In the records below, the relevant part opens with the line containing "Wolf Viceroy 456202" and closes with the line containing "Culinaris Bio okurka citronová, Lemon"; print that part exactly and only, without its pictures.

§ **Records to process**:
• • •

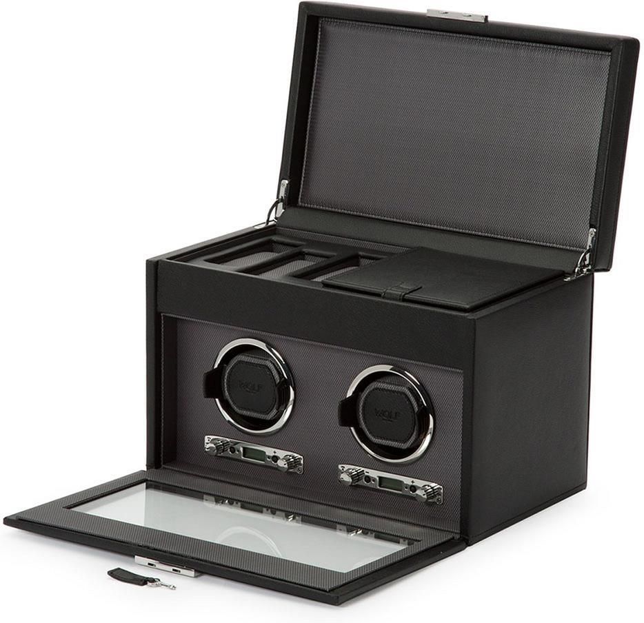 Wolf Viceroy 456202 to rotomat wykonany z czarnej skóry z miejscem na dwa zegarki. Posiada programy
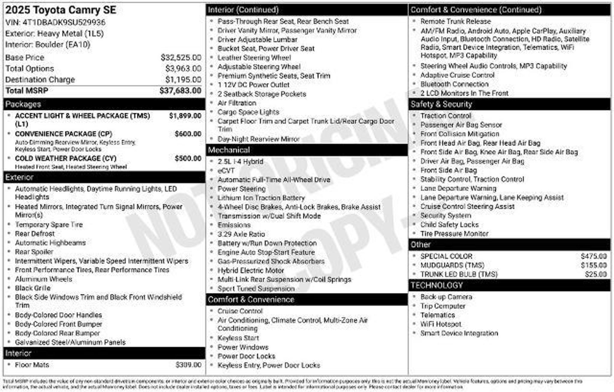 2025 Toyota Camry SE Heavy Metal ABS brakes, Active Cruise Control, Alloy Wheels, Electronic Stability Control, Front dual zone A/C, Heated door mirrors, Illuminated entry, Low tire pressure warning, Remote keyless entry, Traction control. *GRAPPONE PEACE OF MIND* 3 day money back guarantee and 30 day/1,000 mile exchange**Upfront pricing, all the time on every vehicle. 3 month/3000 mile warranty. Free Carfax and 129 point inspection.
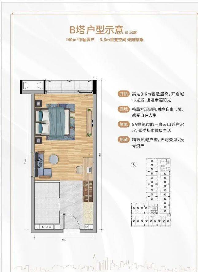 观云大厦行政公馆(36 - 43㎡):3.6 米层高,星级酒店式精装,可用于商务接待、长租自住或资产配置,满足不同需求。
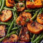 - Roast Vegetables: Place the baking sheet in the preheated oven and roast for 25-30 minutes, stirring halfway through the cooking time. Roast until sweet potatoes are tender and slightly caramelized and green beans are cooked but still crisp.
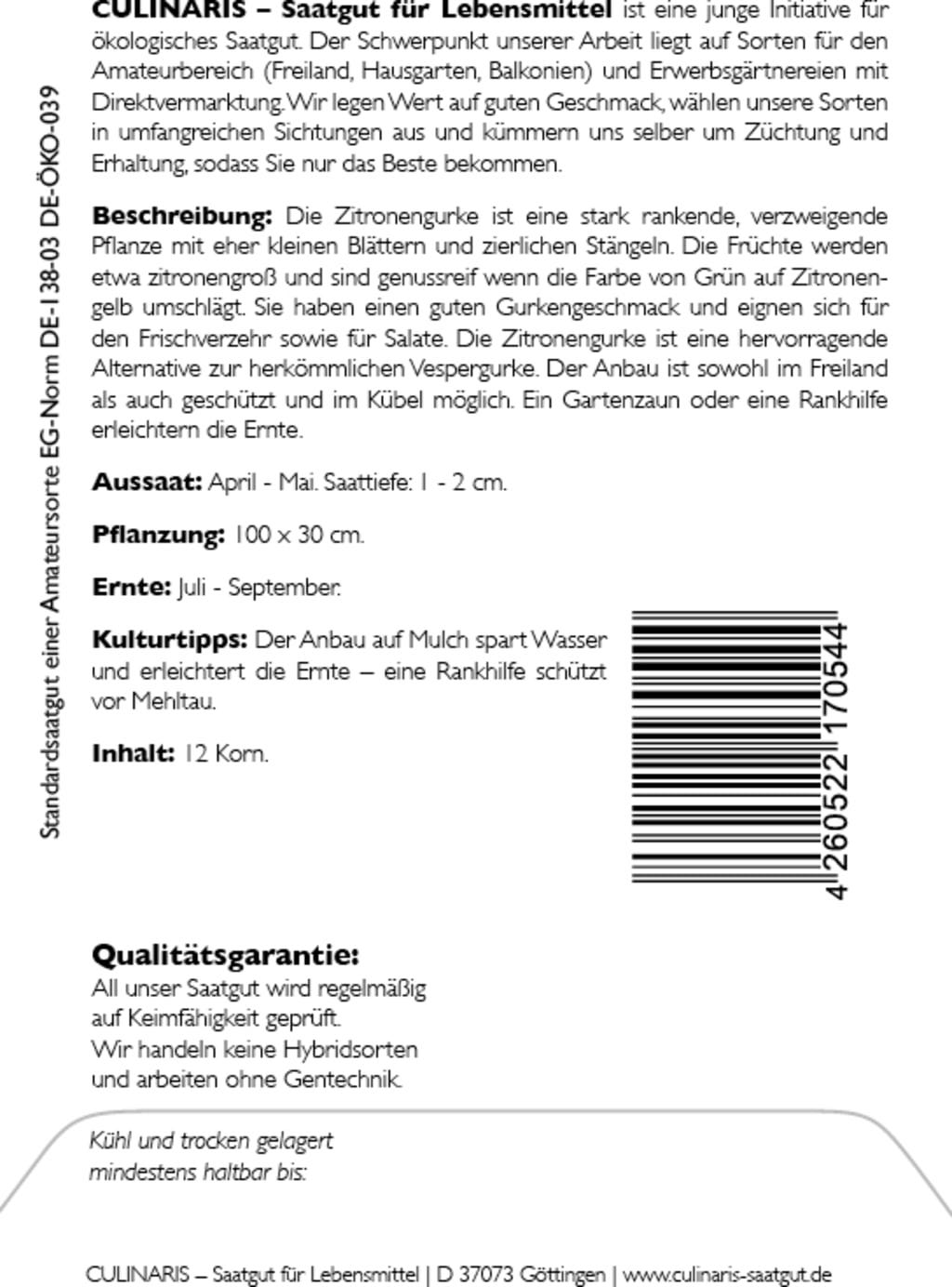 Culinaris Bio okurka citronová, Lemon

• • •

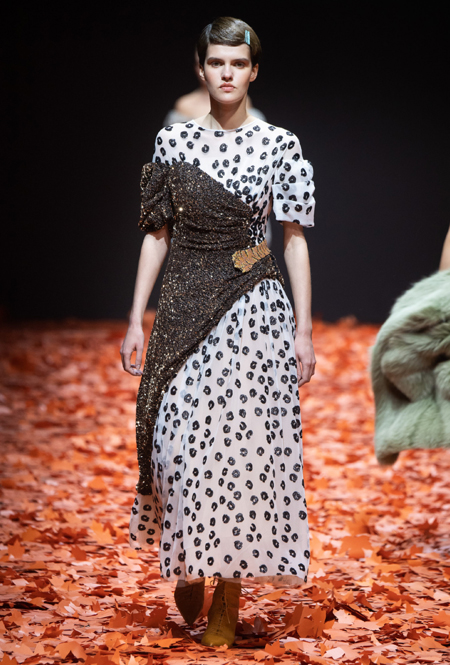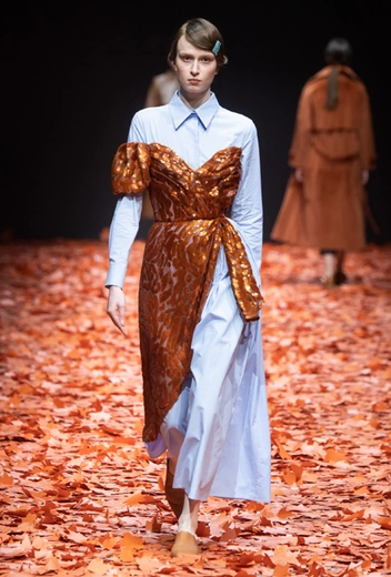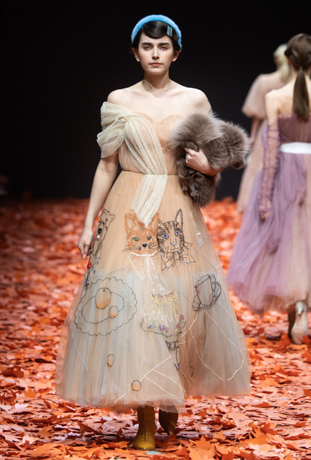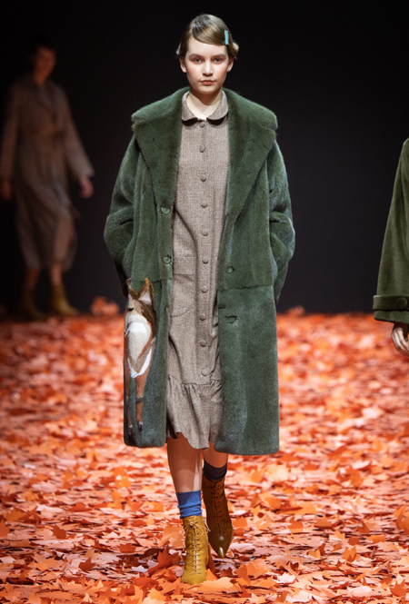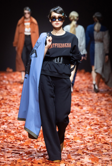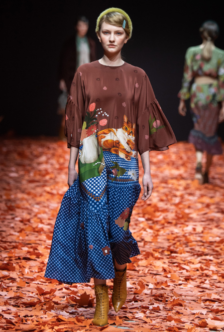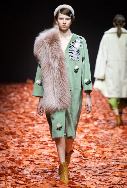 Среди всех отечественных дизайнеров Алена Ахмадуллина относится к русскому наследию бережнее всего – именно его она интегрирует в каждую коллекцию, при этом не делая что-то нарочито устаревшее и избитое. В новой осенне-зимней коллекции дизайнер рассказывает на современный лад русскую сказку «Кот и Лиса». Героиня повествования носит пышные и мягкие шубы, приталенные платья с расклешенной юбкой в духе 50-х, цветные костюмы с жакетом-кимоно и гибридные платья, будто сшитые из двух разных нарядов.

• • •

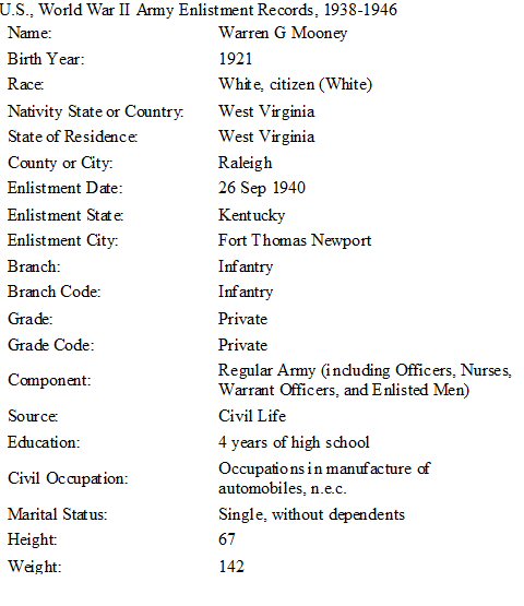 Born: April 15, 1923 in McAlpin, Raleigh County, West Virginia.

• • •

§ **Answer box**:
 Wolf Viceroy 456202 to rotomat wykonany z czarnej skóry z miejscem na dwa zegarki. Posiada programy
 2025 Toyota Camry SE Heavy Metal ABS brakes, Active Cruise Control, Alloy Wheels, Electronic Stability Control, Front dual zone A/C, Heated door mirrors, Illuminated entry, Low tire pressure warning, Remote keyless entry, Traction control. *GRAPPONE PEACE OF MIND* 3 day money back guarantee and 30 day/1,000 mile exchange**Upfront pricing, all the time on every vehicle. 3 month/3000 mile warranty. Free Carfax and 129 point inspection.
 观云大厦行政公馆(36 - 43㎡):3.6 米层高,星级酒店式精装,可用于商务接待、长租自住或资产配置,满足不同需求。
 - Roast Vegetables: Place the baking sheet in the preheated oven and roast for 25-30 minutes, stirring halfway through the cooking time. Roast until sweet potatoes are tender and slightly caramelized and green beans are cooked but still crisp.
 Culinaris Bio okurka citronová, Lemon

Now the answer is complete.